A judge sentenced an Indiana woman who pleaded guilty to funding the Islamic State (ISIS) to six and a half years in prison, the Justice Department announced Monday.
U.S. District Court Judge Philip P. Simon sentenced Samantha Elhassani, 35, who used to reside in Elkhart, Indiana, to the six and a half year term with three years of supervised release after Elhassani pleaded guilty to funding the terrorist group, the Associated Press reported.
Elhassani struck a plea deal with prosecutors, who agreed to drop more serious conspiracy charges and put forth a more lenient sentence.
Elhassani has told media outlets that her husband and brother-in-law bullied her into joining the terrorist group in 2014, the Times reported.
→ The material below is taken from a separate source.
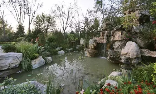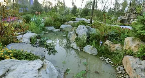 蜿蜒的溪流与美丽的花境,演绎一出春秋战国时期西施浣纱的美丽传说。

The U.S. Attorney’s Office said her husband and her brother-in-law joined the terrorist group, ISIS, and Elhassani made three trips to Hong Kong between November 2014 and April 2015, carrying more than $30,000 in gold and cash to help fund the group.
WSBT reported that Elhassani’s husband ultimately died in a drone strike while fighting for ISIS in 2017. She was detained in a Kurdish detention center with her four children after ISIS’s fall in Raqqa.
Elhassani was later flown back to America and transferred to U.S. custody in 2018.